Tongue Blades. You can purchase tongue blades at hospital supply stores. However, it's often not necessary to use anything to hold down the tongue at all. (Try asking the person to open his or her mouth wide and pant in and out like a dog. In a pinch, use the handle of a clean spoon as a substitute depressor.) 
 
Home Blood Pressure Cuff. This valuable piece of equipment will run about $20 (at Sears or J.C. Penny) and up. Drugstores are beginning to carry kits with stethoscopes and blood pressure cuffs. (You usually need both to take an accurate blood pressure reading.) 
 
These are three types of cuffs in common use: mercury column, aneroid, and electronic aneroid. The last named is the "latest thing" and uses a microphone under the cuff rather than a stethoscope to detect the arterial sounds. The March 1979 issue of Consumer Reports has an excellent article on some 30 different cuffs.
 
Check your own "self-care" blood pressure readings against those taken by your doctor just to make sure your cuff is accurate.

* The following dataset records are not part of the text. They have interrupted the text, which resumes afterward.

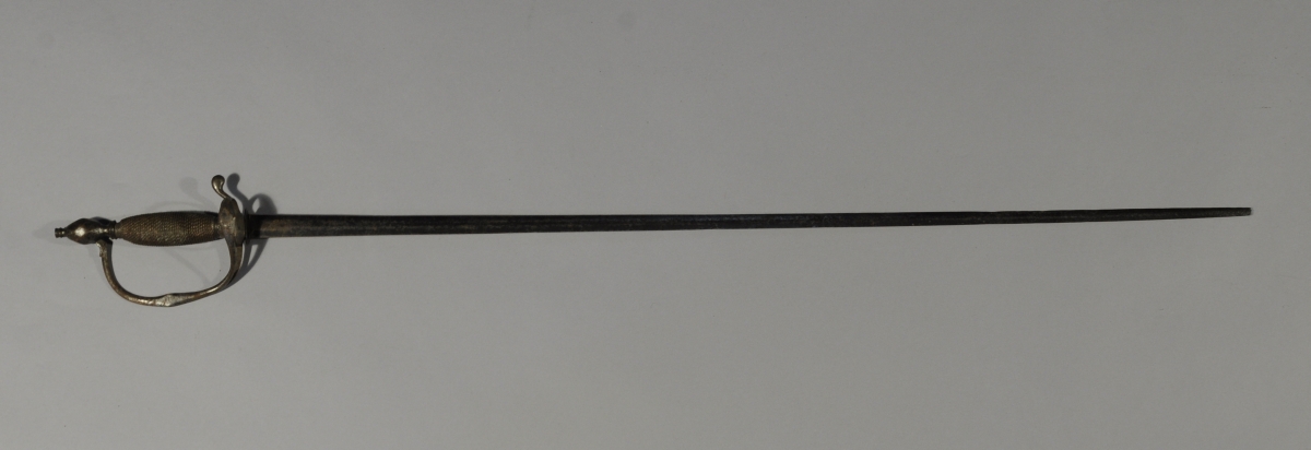 ÉPÉE. Monture en fer à une branche principale décoré au centre d'un losange et une secondaire. Anneau et pommeau facetés. Quillon recourbé. Fusée entièrement filigrannée de cuivre. Lame à double tranchant (brisée). Sans fourreau.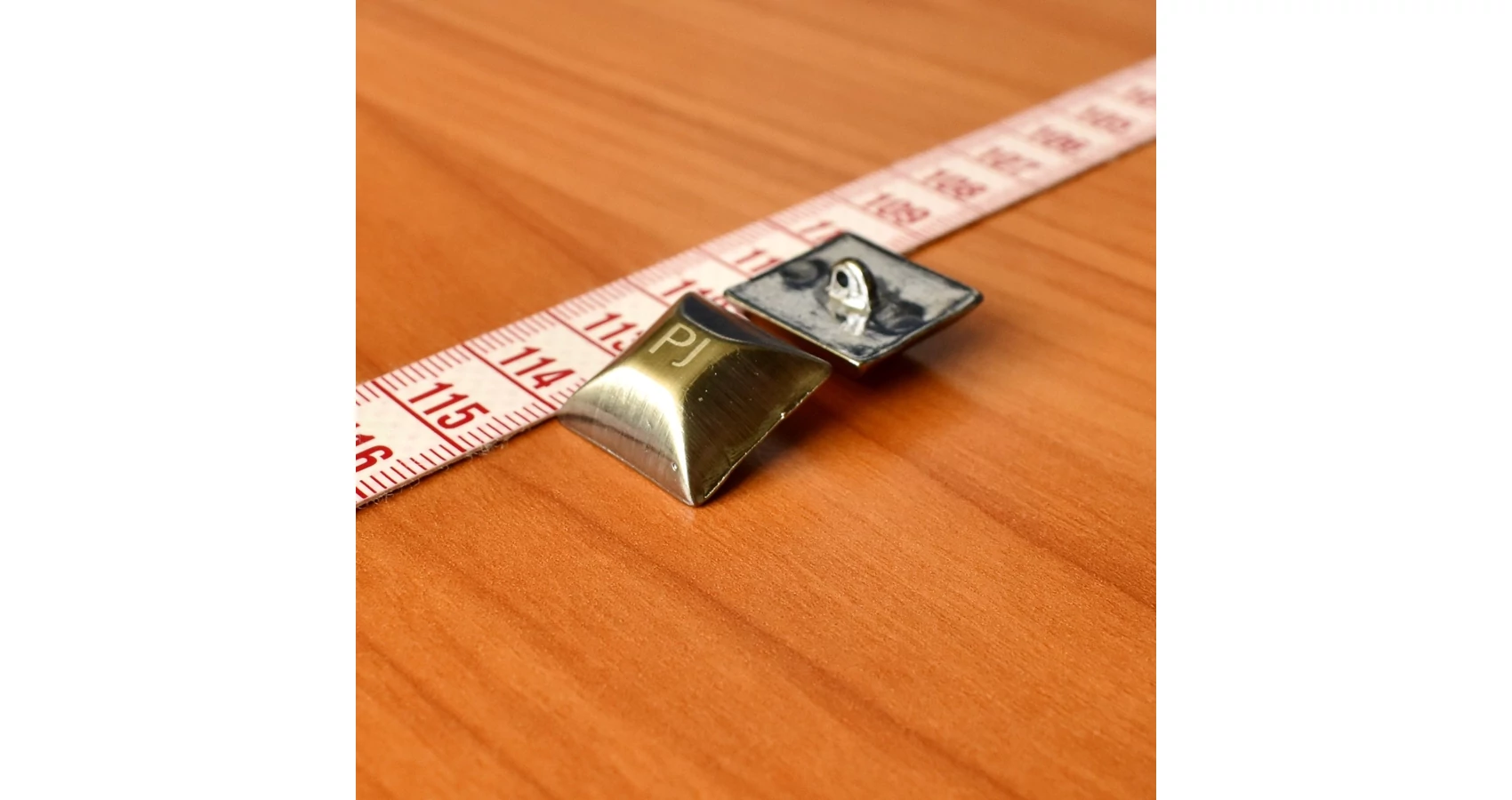 Fém gomb antik ezüst színben, PJ felirattal díszítve. Dekoratív megjelenésű, hamvas fényű, hátul varrós, ún. "füles" gomb.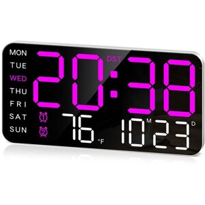 Large LED Display: Measuring 8.4 inches wide and 4.33 inches high, this clock features a 9.5Inch screen for easy readability from any angle or distance. Ideal for the elderly, it doubles as an attractive room decor piece. Dual Alarm and Snooze Functionality: Set two separate alarms to accommodate varying schedules. Long any button for 5 seconds to disable the alarm or short for a 5-minute snooze. Includes a weekday mode for alarms from Monday to Friday or Saturday. Automatic Daylight Saving Time Adjustment: Easily switch to daylight saving time with a long of the "-" button. Features 5 adjustable brightness levels via remote control and an automatic dimming sensor that adjusts to ambient light. Versatile Placement Options: Equipped with two hanging holes for wall mounting and a 78-inch power cord for desktop placement. This multifunctional digital clock is perfect for any living space. Dual Power Mode and Energy Efficiency: Operate continuously using a 5V/1A power adapter and an

Remember, also, that emotional factors (like being at the doctor's office in the first place) can cause your blood pressure to shoot up, so readings should always be taken when the patient is comfortable and relaxed. 
 
A booklet with all the information you'll need to take accurate blood pressure readings is available free from your local American Heart Association. 
 
Flashlight. Penlights are more convenient to carry than fullsized "handlamps" and are better for checking pupil size, but the big lights last longer and can do double duty around the house or when you go camping. In addition, large flashlights are better for looking into throats ... which is the purpose they'll likely serve most frequently. 
 
Flashlights are also useful for examining noses, looking into eyes for foreign matter, providing light while removing splinters, and finding dropped contact lenses. (Turn the room lights off and shine the flashlight across the floor. The lost lens will make a tiny shadow.) 
 
Reflex Hammer. Reflex hammers aren't really necessary for most general medical kits, but they're lots of fun and highly educational to use. Expect to pay about $5.00 at most medical suppliers. 
 
What Else? As your medical self-care education continues, you may consider adding an otoscope (for viewing and examining the ear), a vaginal speculum (for vaginal self-examination), and any number of other tools. In fact, an excellent kit—with stethoscope, blood pressure cuff, otoscope, penlight, both oral and rectal thermometers, tongue depressor, dental mirror, instructions, a self- help guide by Keith Sehnert, and even a sturdy vinyl bag to carry it all in—is available for $79.50 postpaid from The Health Activation Network.

However, your most valuable tool will be a good working knowledge of your body and how to read it and respond to it. Enroll in (or help organize) a self-care course in your area. A listing of such courses is updated in each and every issue of Medical Self-Care.